The risk that the workers fault on a bad vtable load is REAL but
HONEST — the crowbar's job is to test this exact thing.
## What ours's `ex_create_thread` does today
`crates/xenia-kernel/src/exports.rs:294-405`. Takes 6 PPC regs,
allocates thread image (stack + PCR + TLS), allocates a thread
handle, calls `scheduler.spawn(SpawnParams { ... })`, installs the
self-ref via `state.retain_handle(handle)`, writes the handle to
`r3` and tid to `r5`. Phase A `thread.create` event is emitted when
`event_log::is_enabled()`.
The host-side analog therefore only needs:
1. Allocate ctx page via `state.heap_alloc(0x1000, mem)` → write the
4 u32s described above into it.
2. For each of 4 entries: call a host-side `ex_create_thread`-like
helper that takes (entry, ctx_ptr, stack_size, suspended, affinity,
priority) directly, skipping the PPC-reg-marshalling.

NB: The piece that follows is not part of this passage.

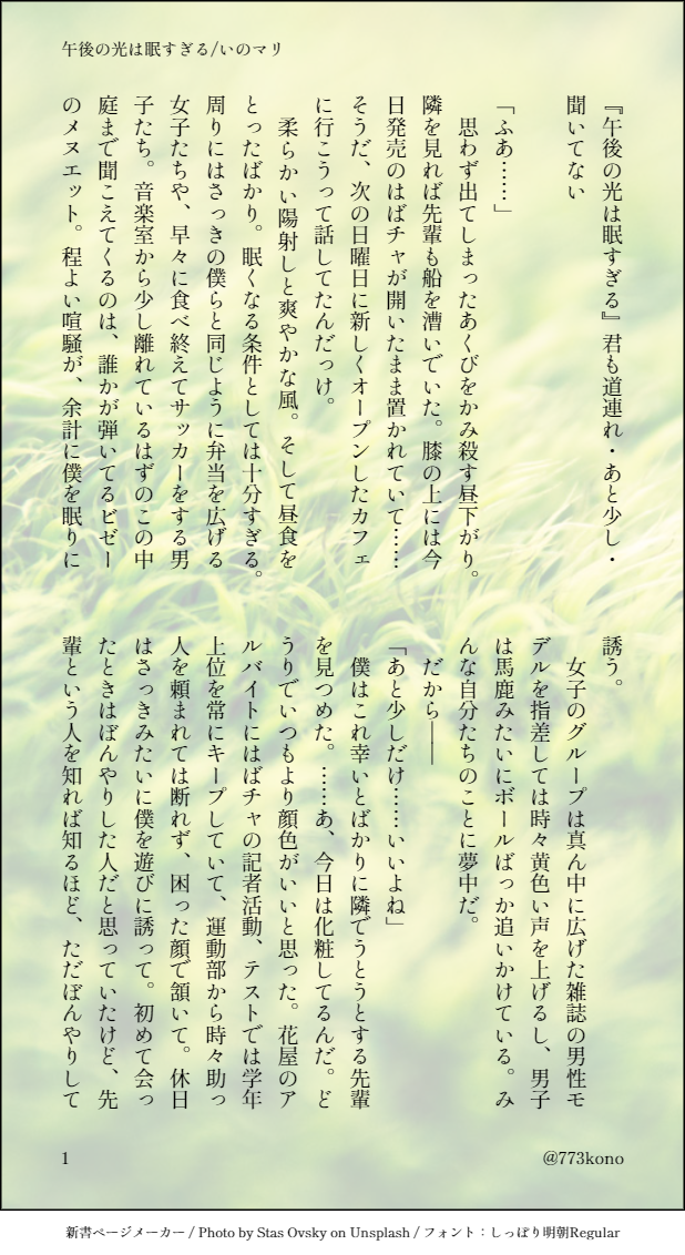 ゆかり☆quiet followDONE【いのマリ】『午後の光は眠すぎる』2022.07.3110番『午後の光は眠すぎる:君も道連れ・あと少し・聞いてない』好き~ときめき状態くらいの在学中いのマリ。一紀くんにもストレス下げイベントが発生してほしい。マリィはネームレス↓こちらのワードパレットをお借りしました。https://twitter.com/torinaxx/status/1500760360126939137 show all(+1 images) Tap to full screen (size:618x1132).Repost is prohibited Let's send reactions! freqpopularsnackothersPayment processing Replies from the creator Follow creator you care about!☆quiet follow ゆかりDONEpass=2人の身長を足した合計を3ケタの半角数字で 7 ゆかりDONE【七マリ】『第二ボタンとセカンドキス』2025.03.29『# ときメモGS版ワンドロワンライ』参加させていただきました。お題は『第二ボタン』です。卒業後、七ツ森くんの実家にて。マリィはネームレス 3 ゆかりDONE【柊氷御G】『ちぐはぐ』2024.09.24https://privatter.net/p/11160008「仲良しグループのイベントのやつ」にて展示した上記の妄想の一部をSSにしてみました。カップリング要素はありません。マリィはネームレス 13 ゆかりDONE【志波主】『プレゼント』2024.07.27『# ときメモGS版ワンドロワンライ』参加させていただきました。お題は『プレゼント』です。在学中、夏の海で偶然会う2人の話。デイジーは「海野」 3 ゆかりDONE【やのマリ】『真夏日』20204.07.28在学中、夜ノ介くんのネクタイを借りるマリィの話。マリィはネームレス 3 ゆかりDONE【やのマリ】『誘惑』2024.07.25夜ノ介くんが腕時計を外す話。マリィはネームレス recommended works ゆきちDOODLEイドラの約束現行未通過NG同卓者✖︎らくがき 44 ほいほいPAST支部にあげてる恵誕(五伏)、懐かしくなったので… 4541 くさったおにぎりって奴DOODLEちょっと息抜き〜……のハズが夜中の3時半から7時半まで入り浸ってしまった。まさか野良絵チャ(?)でここまでマリオRPG(マ□てゃん)を語り合えるとは思わなんだ〜😭⚠️マ□てゃんが可愛すぎてキショ発言してるので一応注意♡ 23 okome_daisuki5DOODLEジャクアルセックス guragura_usagiMOURNING酔った先生に襲われる👹 yuzu_iaiaMEMOCoC「LAST-0」エンドAにて終了。KPさせてもらいました✌️✌️みんなとても仲良しさんで可愛かったなぁ。長時間ありがとうございました!素敵なと話をまじかで見れて楽しかったー!☺️ 2 shogoshogo_maruINFO「英雄たちへ。」KP:やまぃもさんPL:天周 悠悟/ヨシヲさんフェイト・オイゲン/ぜんちさんエレナ・アストレア/しょごしょご丸全生還しました「私は"今"を精一杯楽しんで生きるだけです!」 蛸崎くんDOODLE初期時代。🔞。閲覧自己責任でお願いします。 hano_michirunpaDONE月詠誕生日だけどせっかく通過開始も12月だしな…と思って自陣ぬい持たせたバージョンも描いてみた

3. Resume each of the 4 spawned threads via the scheduler's
`resume_ref`.
## Trigger choice
`coord_pre_round` in `xenia-app/src/main.rs:2038` is per-outer-round
and has access to both `KernelState` and `ExecStats`. Adding a
one-shot check on `stats.instruction_count >= threshold` is
trivially additive.
Threshold default = 20_000_000. At ~6.7M instr/sec lockstep that's
~3 s wallclock; well past the 10-thread initial spawn burst (which
peaks around the boot-init swap) but still early enough for the
workers to have time before the 200M cap.

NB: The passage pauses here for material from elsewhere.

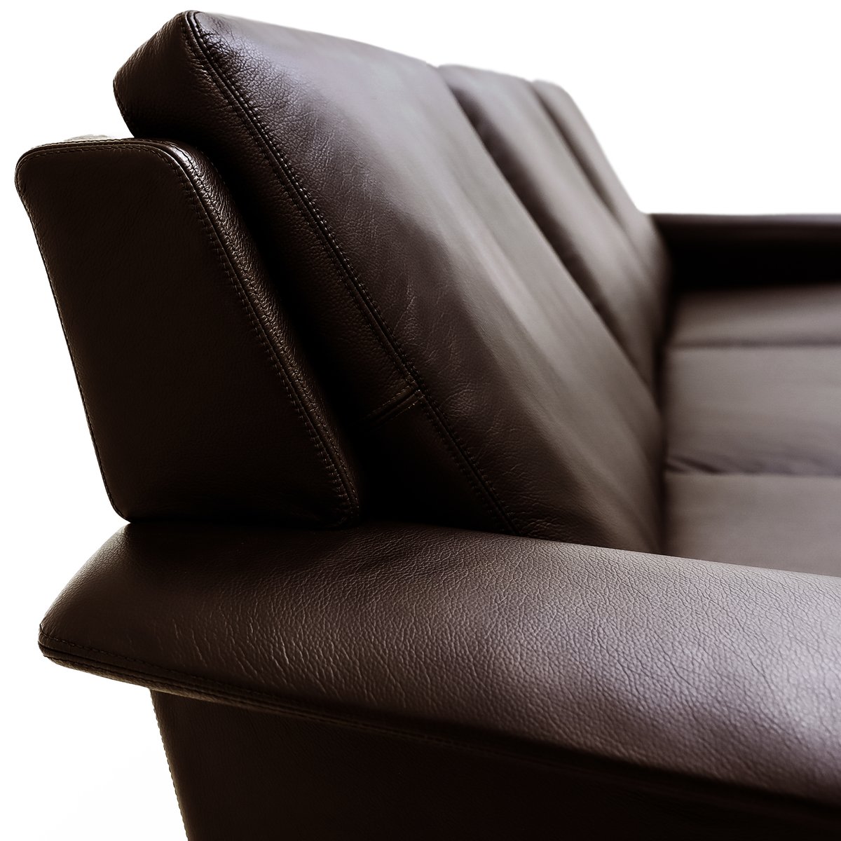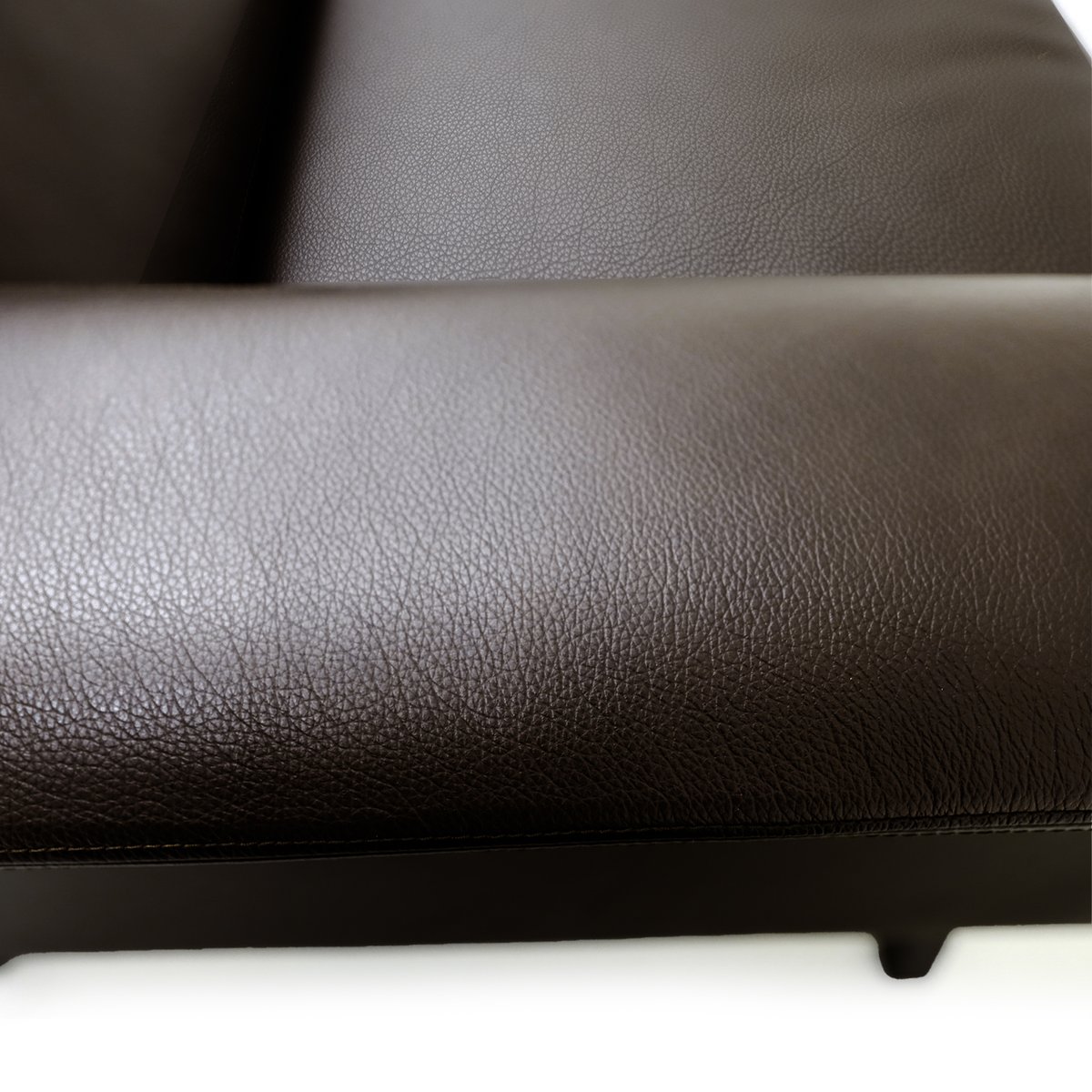Die Originale wurden in einer Reihe von Stoffen und Ledern hergestellt, und dieses Sofa wurde vor kurzem in einem atemberaubenden, fein genarbten, dunkelschokoladenfarbenen Leder neu gepolstert; es ist daher in ausgezeichnetem Zustand mit nur ein paar sehr kleinen Flecken hier und da. Es ist ein sehr bequemes Sofa, da es über eine gefederte Basis verfügt, die durch eine Schaumstoff- und Vlieseinlage noch verstärkt wird. Es ist auch clever konstruiert, so dass es leicht auseinander genommen werden kann, damit es in Bereichen platziert werden kann, in denen man normalerweise nicht in der Lage ist, ein großes Sofa aufgrund von Höhen- oder Breitenbeschränkungen in einem Flur oder einer Türöffnung zu bekommen; die Rückenlehne wird einfach mit 5 langen Schrauben durch die Basis befestigt und jeder Arm dreht sich auf einem Beschlag und rastet dann mit zwei Bolzen auf jeder Seite ein.

Configurable via env `XENIA_CROWBAR_TRIGGER_INSTR=N`.
## LOC estimate
- `xenia-kernel/src/exports.rs` host_spawn_worker_thread helper: ~50 LOC
- `xenia-kernel/src/state.rs` crowbar `CrowbarConfig` field + `tick_crowbar`: ~40 LOC
- `xenia-app/src/main.rs` cvar + trigger wire-up: ~30 LOC
- Tests: ~50 LOC
Total ~170 LOC; trim by inlining the helper or sharing
`SpawnParams` boilerplate. Target ≤150 LOC.